Pero de Rodrigo Vivar Téllez se sabe poco, es más, si utilizas el buscador


más eficaz de internet comprobaras que la información es más bien poca y
ciertamente sesgada. Este texto pretende ser una gota nutritiva más, en ese
alimento de la cultura local.

Es tiempo de conocerlo algo mejor, o ser atrevidos a la hora de poder


contar parte de su historia. Hacerlo con todo el máximo respeto y sin entrar
en meros tintes políticos manejados según que ideologías. Esto es, una
pequeña semblanza de lo que fue este personaje y sobre todo, lo que aportó
para su ciudad. Que fue sin duda muchísimo.

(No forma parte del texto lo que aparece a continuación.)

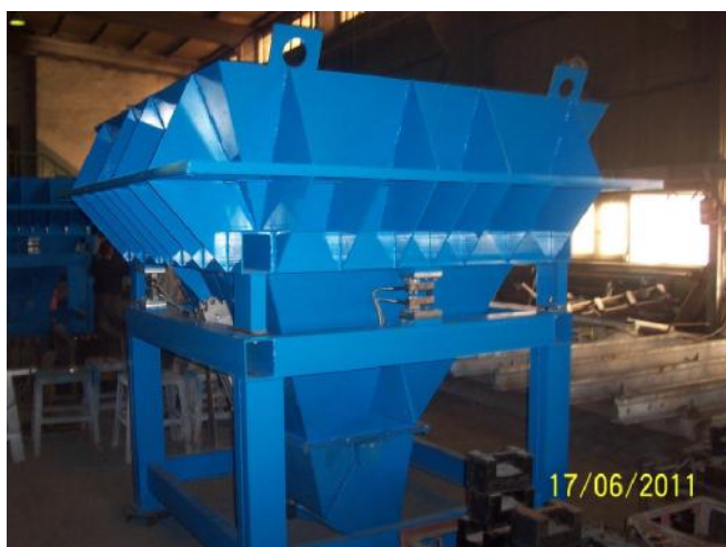
Рис. 1 Внешний вид весов «ВБС»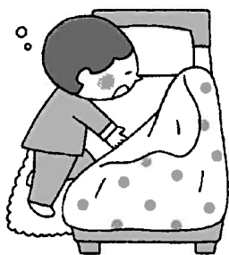
とにかく休む (あたたかくして早寝しよう)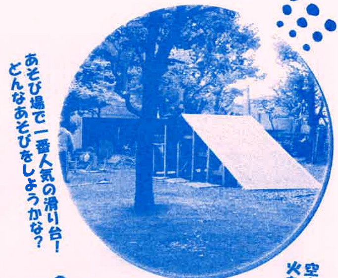
あそび場は「あそび場」の準備中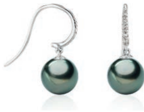
● 313.0609 750/-WG Ohrhaken, Tahiti-Zuchtperle, rund, grau, 9,5 - 10 mm, 10 Brillanten H/SI 0,04 ct.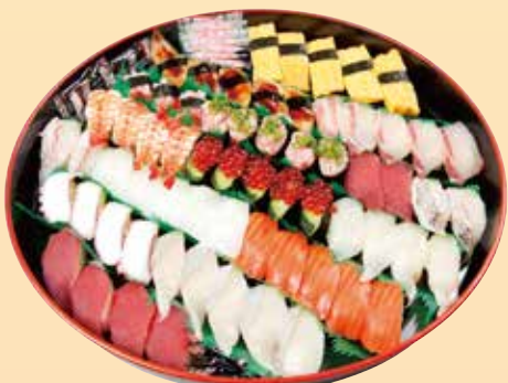
にぎり寿司盛り合せ ※写真は 5,400円 3,240円 (税込) ~ 5,400円 (税込)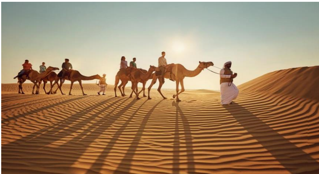
Рис.1.2 «Кораблі пустелі» – верблюди

короткочасні, небезпеки не представляють, супроводжуються досвідченими провідниками. Використовується не автотранспорт, а «кораблі пустелі» – верблюди (Рис.1.2) [39, с. 201].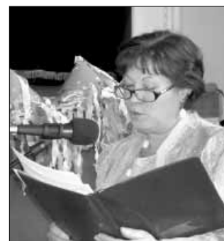
„Ez a farsang más volt, mint az előző”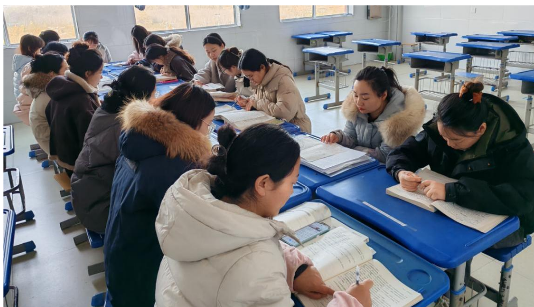
图 2.1-4 学科组教研

搭建专业成长平台：实施“双培养”工程，把骨干教师培养成党员、把党员培养成教学骨干，开展“备课共研、课堂共磨、成果共享”教研活动，促进教师专业提升。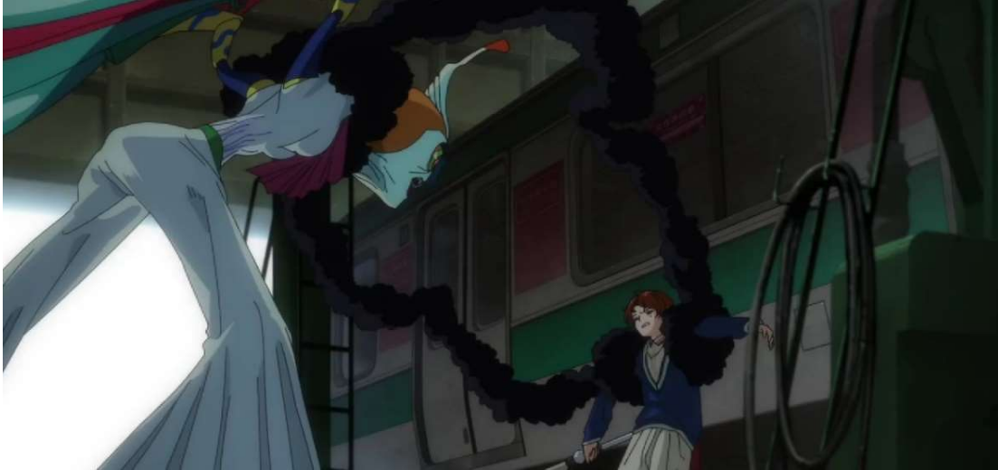
Kuva 15: Momoe taistelee unimaailmassa 2. (Wonder Egg Priority 2021, jaksso 4, 00:14:55)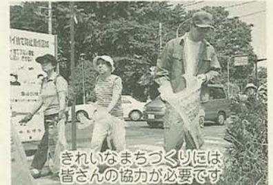
きれいなまちづくりにには皆さんの協力が必要です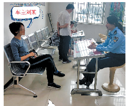
港口交警循线传唤当事人家属

香洲区市场监管局相关负责人介绍，该局委托第三方农产品快速检测机构对香洲区53家农贸市场和8家超市开展食用农产品快检，每天随机选取部分农贸市场及超市进行快检；同时30家农贸市场和8家超市自行开展快检。据了解，联合整治行动将持续到11月底，广大群众可对食品生产经营环节违法违规线索进行举报，电话：12345、12315。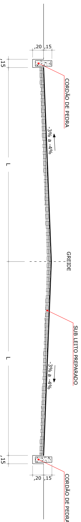
FIGURA 06 - COLOCAÇÃO DE CORDÃO Sem Escala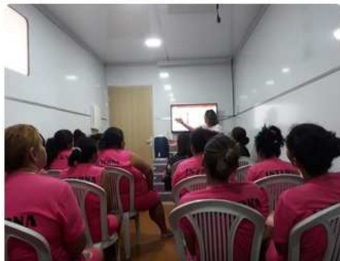
VII Semana de Execução Penal da Defensoria Pública – 17/10/2018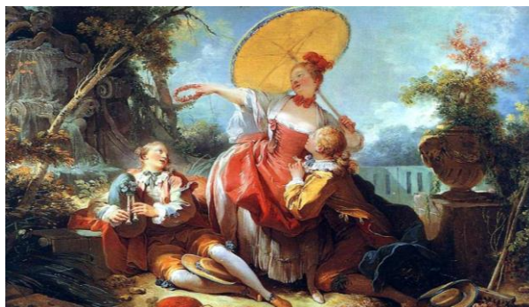
Jean-Honoré Fragonard (1755). El concurso musical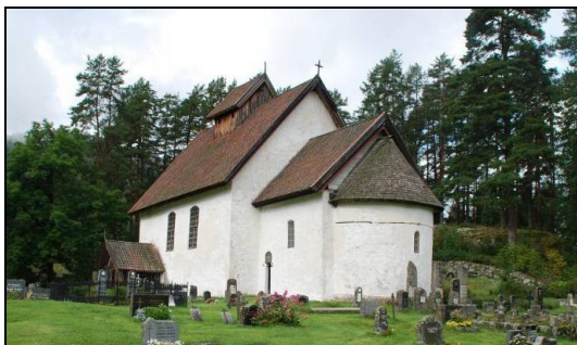
Kviteseid gamle Kyrkje

Viktige samarbeidspartnarar: Innovasjon Noreg Telemark, dei regionale næringssekskapa, næringsapparatet i kommunane, Telemarksreiser AL, dei lokale destinasjonsselskapa, Riksantikvaren, Telemarkskanalen FKF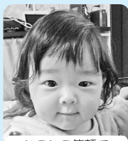
にこにこ笑顔で 元気に育ってね! 大好き♡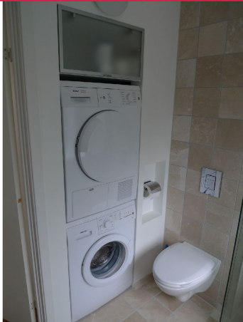
Vaskemaskin og tørketrommel medfølger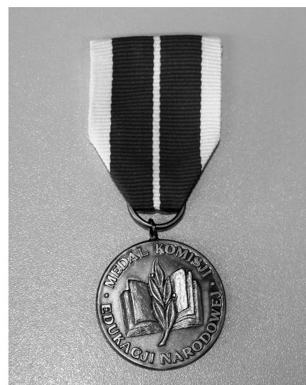
Medal Komisji Edukacji Narodowej został po raz pierwszy przyznany mieszkańcowi naszej gminy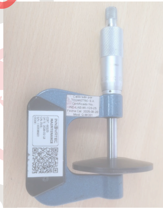
Figura 3. Limpieza del equipo.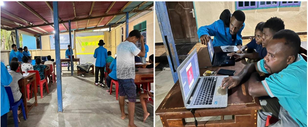
Gambar 2. Kegiatan Pelatihan Desain Grafis

Beberapa faktor yang mendukung terlaksananya kegiatan Pelatihan Desain Grafis Dengan Pemanfaatan Software Photoshop Sebagai Peluang Usaha ini adalah besarnya minat dan antusiasme peserta selama kegiatan, sehingga kegiatan berlangsung dengan lancar dan efektif. Sedangkan faktor penghambatnya adalah keterbatasan waktu pelatihan serta keterbatasan perangkat komputer yang dimiliki oleh warga kampung bremi untuk mengulang materi yang diberikan pada saat pelatihan berlangsung (Dewi and Verina 2021).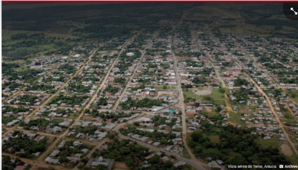
Vista aérea de Tame, Arauca.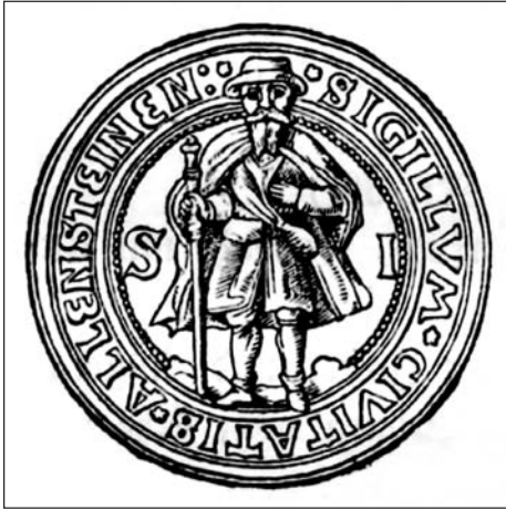
Ryc. 1. Pieczęć większa Olsztyna z XVI w. (Voßberg F.A. 1843, s. 48)

Na Warmii, terytorium dominium biskupiego, znamy co najmniej dziewięć ośrodków, w których w różnych okresach i w różnej liczebności działali złotnicy. Są to: Bisztynek 3 , Braniewo 4 , Dobrze Miasto 5 , Jeziorany 6 , Lidzbark Warmiński 7 , Orneta 8 , Reszel 9 i Olsztyn 10 . To ostatnie z wymienionych miast, wysunięte najdalej na południe Warmii, wedle dzisiejszej wiedzy przez wieki nie było ośrodkiem złotniczym o większym znaczeniu, a informacje o tamtejszych złotnikach są skąpe. Rzemieślnicy tej specjalności działali tam jednak już przed połową XVI w., nie tworząc znaczącego środowiska artystycznego. Choć w końcu XVII w. pracował w mieście Michael Bartolomowicz (czynny w latach co najmniej 1679–1699), który na początku kolejnego stulecia przeniósł się do Dobrego Miasta (czynny do śmierci w 1733 r.) 11 , to dopiero w XVIII w. prawdziwą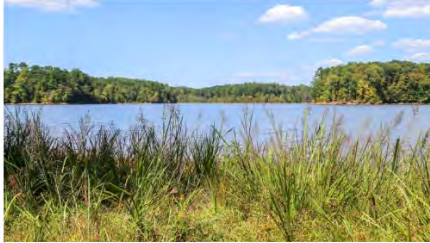
Forest Ridge Park - #37 2100 Old N 98 Hwy, Wake Forest 27587 919-996-5800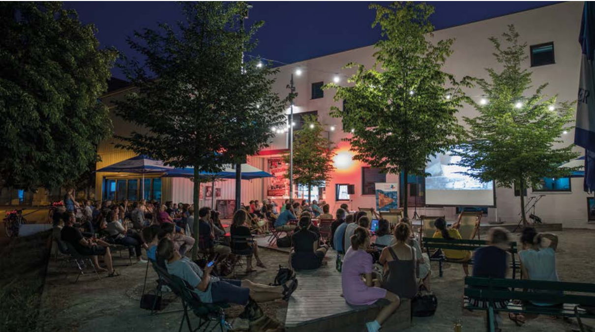
Open Air Kino an der Kulturfabrik in Hoyerswerda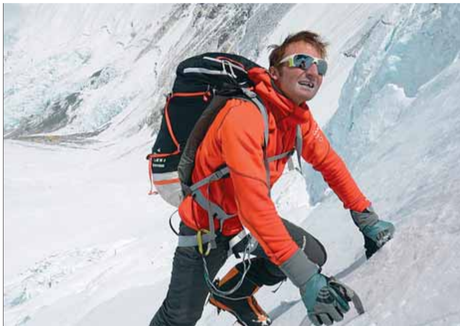
L'alpinista suís Ueli Steck, en una ascensió a l'Everest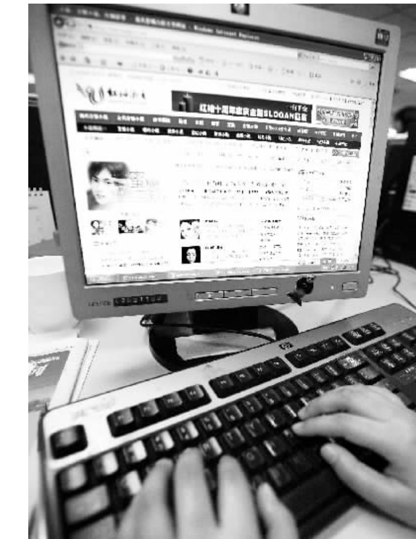
在红袖网上,月入4万的“天后”级写手也不过七八人。

目前,这个没有多少生活经历的大一男生已经写完了五部长篇小说,他两个月就能完成一部。往往坐在电脑前的第一分钟,他的头脑还是一片空白,还不知道要写什么,而坐下来后,劈劈啪啪地在键盘上乱敲一气,灵感就来了,想到哪就写到哪里。现在,他正在网络上写一部不知道多长的长篇小说,目前完成的字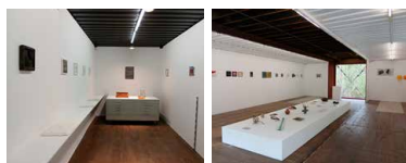
Espace René Greisch Rez-de-chaussée + 1 er étage Artothèque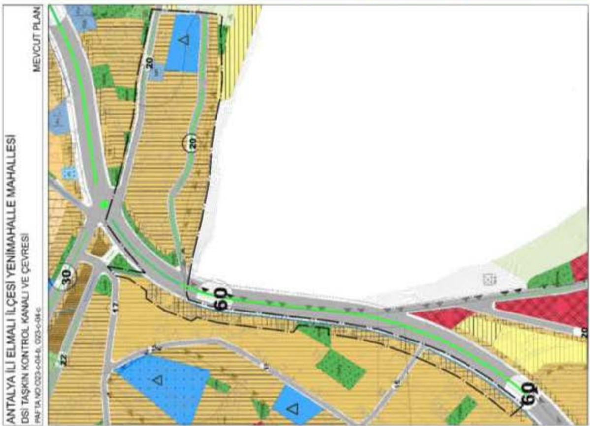
Şekil 6. Mevcut ve Öneri Nazım İmar Planı Değişikliği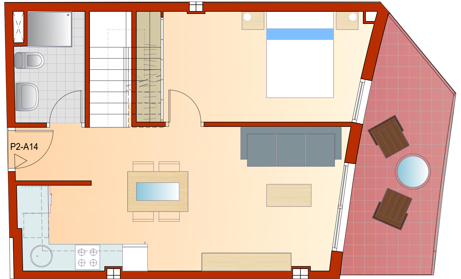
PLANTA SEGUNDA e=1/50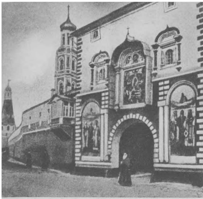
Святые врата Симонова мужского монастыря, г. Москва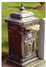
Geef uw woning een bewoonde indruk. Laat regelmatig de brievenbus leegmaken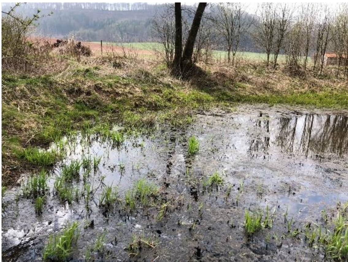
Obrázek 111 Pohled na vodní plochu na koncovém úseku (ř.km 11.630 - proti proudu)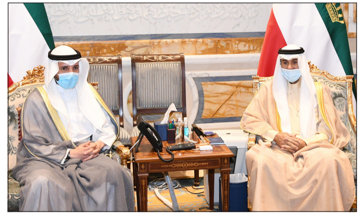
صاحب السمو الأمير الشيخ نواف الأحمد مستقبلاً رئيس مجلس الأمة مرزوق الغانم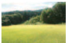
お米も無農薬で育てます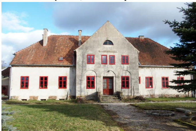
Zdjęcie nr 3. Nowe Soldany nr 13, dwór w zespole dworsko-folwarcznym, ob. budynek mieszkalny

Obiekt wzniesiony w 1 ćw. XX w., w szacie neoklasycyzmu. Budynek na rzucie prostokąta, w części podpiwniczony, parterowy, z dwukondygnacyjnym ryzalitem zwieńczonym trójkątną wystawką – na osi fasady, nakryty naczółkowym dachem i dwuspadowym dachem wystawki. Analogiczny ryzalit w elewacji tylnej, poprzedzony murowaną werandą. Ściany murowane, tynkowane, na cokole licowanym kamieniem polnym. Elewacje gładko tynkowane, w przyziemiu ryzalitu – trzy płytkie arkadowe blendy, w zwieńczeniu ścian – schodkowy gzyms. Wnętrze dwutraktowe.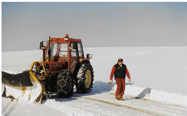
Same-Traktor (PS 85) 1988

Seitens der Gemeinde Steegen bedanken wir uns sehr herzlich für deinen jahrzehntelangen unermüdlichen Einsatz für die Gemeinde sowie für die Bevölkerung von Steegen!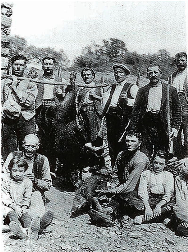
Caçadors del senglar a l'Alt Empordà a primers del segle xx.

en terres del mas Tresserra, i el setembre del mateix any un veí de Roda és denunciat per caçar amb escopeta i dos gossos conillers (se li requisa l'arma i un conill mort). Encara el mateix setembre són denunciats tres manlleuencs per caçar a Sobrepuig a les sis del matí provistos de escopetas y llevando cinco perros ; El 1907, al juny, el masover de Puigdauret és processat perquè el van trobar prop del mas Garolera que regresaba de cazar con una escopeta de dos cañones y cuatro perros, tres de estos pertenecientes al manso Garolera y uno de suyo . A principis de setembre, encara 1907, cinc individus són sorpresos pels mossos de Corcó a Santa Margarida quan es dedicaven a cazar con escopeta y perros en dicha propiedad, los [...] escaparon a todo correr . Un dels homes és un home de Manlleu anomenat Capdeferro, contra el qual dos dies més tard, el dia 4 de setembre s'obre un altre procés per uns fets del 15 d'agost, quan el guarda jurat el va trobar con una escopeta de un cañon sistema Lefauxe y cuatro perros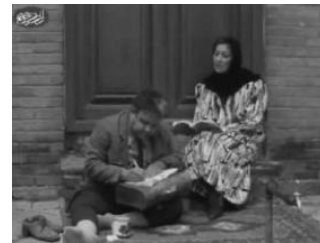
تصویر ۳. پاسخدهی به انواع فعالیت‌های اجتماعی عاملی برای حضور دسته جمعی افراد

در این خانه‌ها را فراهم آمده است. چهار نسل متفاوت با نیازها و فعالیت‌های گوناگون مستقر در خانه، حیاط را قرارگاهی برای رفع نیازهای خود یافته‌اند. مک‌اندرو این وضعیت را با عنوان حس جمعی بیان کرده و می‌نویسد: احساس تعلق داشتن به یک جمع، این احساس که همسایگان برای یکدیگر مهم هستند و برآورده شدن نیازهای آنها در گروه تعهد جمعی است (مک‌اندرو، ۱۳۸۷: ۳۳۲). مرد جوان که مشغول به کار خانگی است در کنار بازی پسر همسایه هیچ محدودیتی برای انجام فعالیت‌های دیگر خانوارها از جمله افراد مسن ایجاد نکرده است، همین عدم محدودیت با رعایت حریم برای بانوان نیز میسر شده است (تصویر ۴).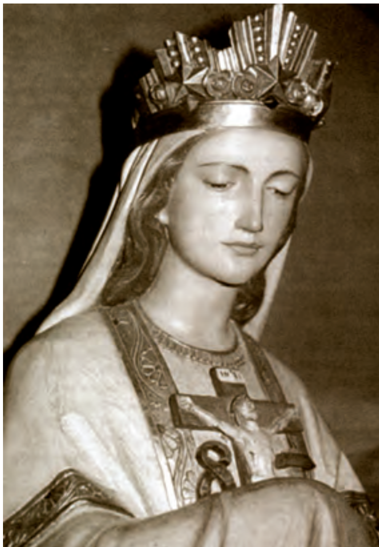
La Madonna de La Salette.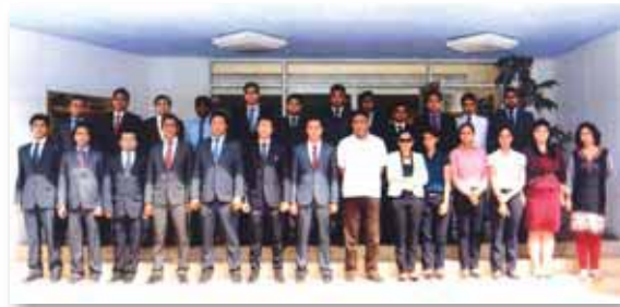
Training Programme on Corporate Grooming and Etiquette conducted by Panache Studio, Mumbai for ETs and Grade B officers on 20 th & 21 st June 2013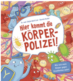
Hier kommt die Körperpolizei!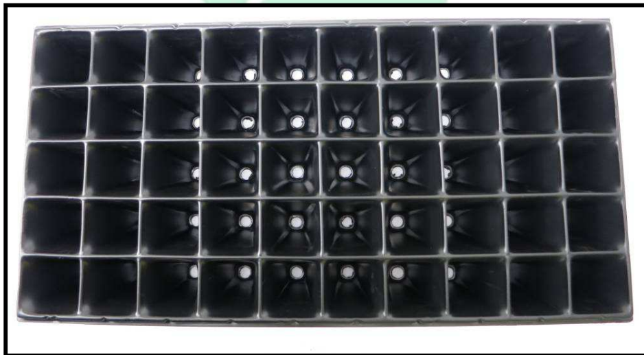
Vista aérea de la bandeja

La capacidad de la bandeja en tierra es de 95 centímetros cúbicos, por lo que, con un viaje de tierra (6 metros cúbicos), se logran llenar 63.157 bandejas. Mientras que si se está trabajando con turba, la capacidad de la bandeja es de 1,6 kilogramos; entonces, de un bulto (59 Kg aprox.), se pueden obtener el material para llenar 36 bandejas aproximadamente.

Rodrigo Vivar nació el 29 de noviembre de 1926 en El Morche, que por


entonces pertenecía al municipio de Vélez-Málaga, su juventud
transcurrió dentro de una familia acomodada de siete hermanos.
El apellido veleño Vivar estuvo ligando siempre a un linaje de personas
muy respetadas en la ciudad (abogados, médicos, maestros) y que se
reforzaría aún más con la rama de los Téllez. No podemos olvidar que su
padre, Fernando Vivar Torres fue alcalde de la ciudad entre marzo de 1930
y marzo de 1931.

Cursó sus estudios de derecho en Granada y poco a poco fue destacando


como juez tras sus periplos en la localidad almeriense de Vélez-Rubio y
poco después en las malagueñas de Campillos y Coín.
Fue una época difícil y complicada la que le tocó vivir, muy marcada por
una Guerra Civil de por medio y las consecuencias de dos bandos, uno
ganador y otro perdedor.
Tras sortear con cierta suerte y no menos ingenio, los dos primeros años de
la contienda civil, este sería designado de manera forzosa como Juez
Militar de plaza en Málaga (1937), y un año después, con el mismo cargo,
en Vélez-Málaga, Ronda y Coín, plazas donde tuvo que actuar en los
primeros y numerosos juicios sumarísimos que se realizaron (1937-38) y
en los que constaría su firma en muchos documentos del Archivo del
Juzgado Togado Militar Territorial en Málaga, como que firmó sentencias
de pena de muerte así como otras de prisión.

No todo fue eso. También se sabe que ayudó a bastantes paisanos suyos en
el ámbito judicial, para que las penas capitales se transformaran a las de
destierro, evitando de esta manera, bastantes muertes de paisanos y
amigos. Muchas fueron las personas que recurrieron a él como último
recurso para salvar a un familiar. No lo tuvo fácil.
Acabada la guerra, entre marzo de 1943 y junio 1971 por meritos
contraídos, ostentó diversos e importantes cargos, pasó a Vicesecretario
Nacional de Falange, Juez Decano del Tribunal Supremo, Gobernador
Civil, primero en Almería hasta septiembre de 1942 y acto seguido de
Vizcaya, además de Procurador en las Cortes de Franco por designación
directa.

También ostentó el cargo de Jefe Presidente del Sindicato Nacional Textil,


que impulsó en los años 60 y de una manera brillante en el sector de la lana
y algodón.

Poco se conoce de su etapa en Almería, donde además de su cargo político,


fue uno de los precursores del denominado Movimiento Indaliano, esto es,
una corriente artística cultural surgida en esa ciudad entre 1943 (fecha de
su primer congreso) y 1963 cuando se celebró su segundo y ya último.
Vivar Téllez aparece junto a nombres de la relevancia del pintor, Jesús de
Perceval, la escritora, Celia Viñas, Juan Cuadrado (Director del Museo
Arqueológico), Eugenio D´Ors (filósofo de resonancia nacional que
preconizaba la vuelta a la cultura mediterránea) o Juan Aparicio López
(Director General de Prensa), entre otros.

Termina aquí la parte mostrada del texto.